Sie war sprachlos. Manolete hatte von irgendwo her eine Kamera bekommen und fotografierte eifrig. Ruut saß mit krummem Rücken und gefalteten Händen da und schien ein Mantra zu beten. Baader flüsterte immer wieder vor sich hin: „Geil. Geil. Geil.“ Gudrun war blaß vor Hass. „Da hast du es“, sagte er. „Das vollendete Böse.“ Sie starrte ihn an. „Das blonde Ungeheuer.“ „Gefällt sie dir?“, fragte sie. „Sie hat schöne Beine.“ „Willst du sie ficken?“ Er legte ihr die Hand aufs Knie. „Wie jeder. Sie ist ausgepreist. Ich könnte sie nehmen. Oder lassen. Es wäre nicht das, was wir... Außer, dass es dich fühlen ließe...“ „Was?“ „Dass ich es bin.“ Sie legte ihre Hand auf die seine. Es gab jetzt keinen Rückweg mehr. „Das Böse.“ Sie schaute noch einmal zu der Blonden hinüber, bevor sie sich erhob. Sie traten aus der Halle. Sie schob ihre Hand unter seine Lederjacke, lehnte ihr Gesicht an seine Brust. Das Beben schwoll an. In der Halle hatte Gudrun die Waffe aus dem Hosenbund gezogen. Sie riss Andreas vom Sitz. „Die Drecksau.“ Sie schoss der Blonden auf dem Podest mitten zwischen die blauen Augen. Andreas verstand nichts. Wild ballerte er um sich. Manolete und Ruut schlossen sich – etwas widerwillig – an. Sirenen heulten. Eine Panik brach aus. Menschen trampelten übereinander. Dunkles Blut verschwamm fast vollständig in den schwarzen Teppichböden der Kulissen. Nur auf der weißen Leinwand hinter der Brünetten, deren Leichnam von Jauche und Mayonaisse überzogen in schöner Streckung dalag, ergaben die Spritzer ein Gemälde wie von Jackson Pollock. Sie hob den Kopf an für einen Kuss. An dem die Welt zugrunde geht. Sie sanken nieder.

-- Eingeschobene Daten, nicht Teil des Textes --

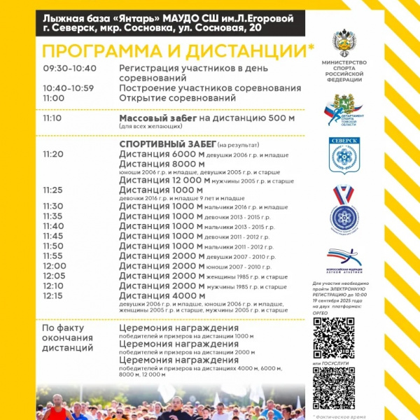 Администрация ЗАТО Северск информирует Вас о том, что 20 сентября 2025 года в 10:40 часов на лыжной базе «Янтарь» МБУДО СШ им.Л.Егоровой (мкр.Сосновка, ул.Сосновая, 20) для жителей ЗАТО Северск состоится «Кросс нации – 2025» (далее – Кросс) в рамках Всероссийского дня бега.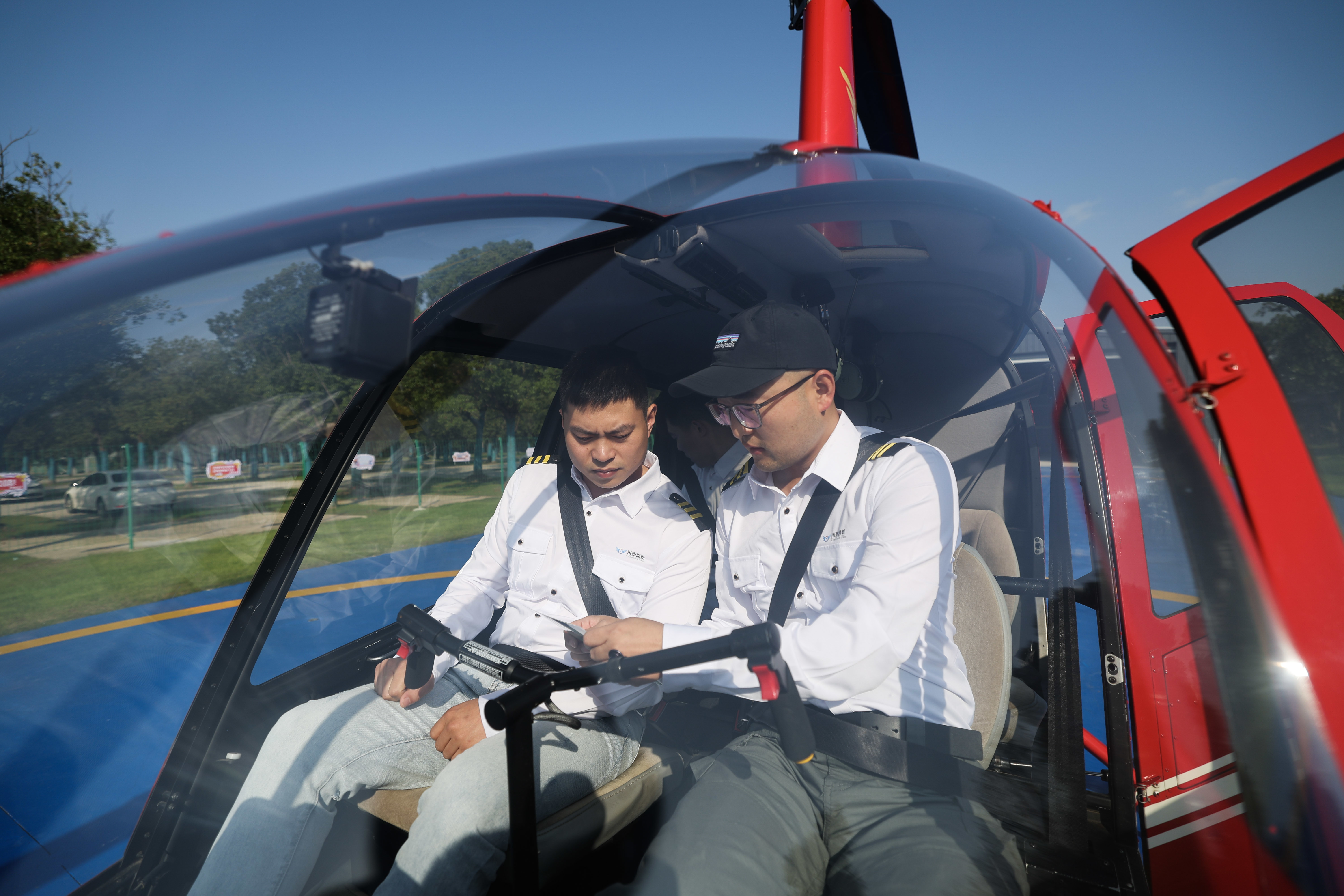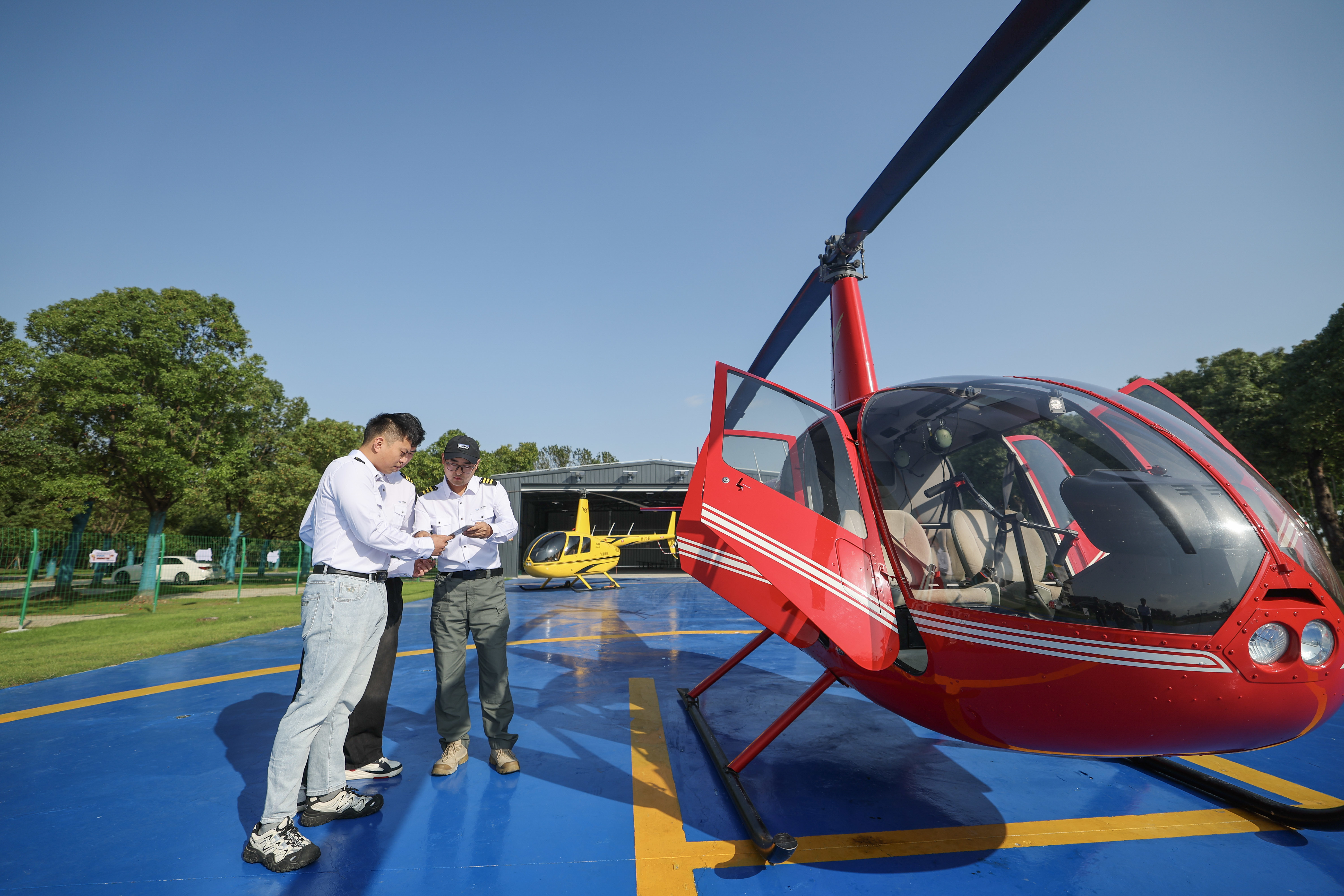 11月5日,在湖州米旗通航直升機(jī)飛行基地,飛行教員(右一)帶領(lǐng)學(xué)員進(jìn)行日常培訓(xùn)。新華社記者 徐昱 攝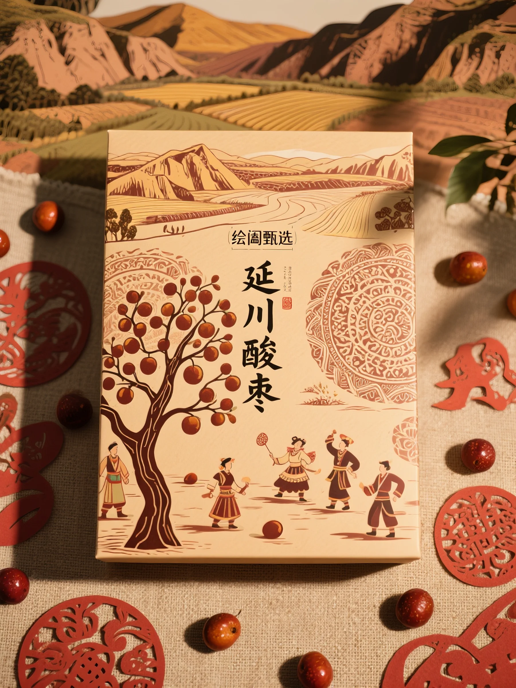 整体风格:融合延川地域文化与传统民俗,通过插画、剪纸元素营造乡土风情,传递产品原生态与文化底蕴,适配礼品场景。包装形式:长方体纸盒,结构简洁,正面视觉聚焦,提升展示效果,满足消费与馈赠需求。色彩运用:暖色调为主,米黄基底搭配自然色系,柔和亲切,凸显天然属性,增强情感共鸣。图案设计:手绘酸枣树、地貌、民俗人物及剪纸纹样,展现产地风貌与人文,强化地域特色,提升记忆点。文字信息:品牌与产品名醒目,辅以文化元素,传递甄选品质与地方特色,增强消费者信任与认知。

SIE: „Nur wir erregen bleibenden Abscheu.“
ER:  „Immer schon.“
SIE:  „War es wahr.“
ER:  „Wenn der Geist Körper wird.“
SIE:  „Sich die Flüssigkeiten austauschen.“
ER:   „Wie im Rausch“
SIE:   „Durch Raum und Zeit.“
ER:   „Mit Schleim und Sekret.“
SIE:   „Sich vereint.“
ER:   „Ich werde dich immer lieben.“

Es muss auch ohne uns Metaphysiker gehen. Wir verabschieden uns ohne Bedauern.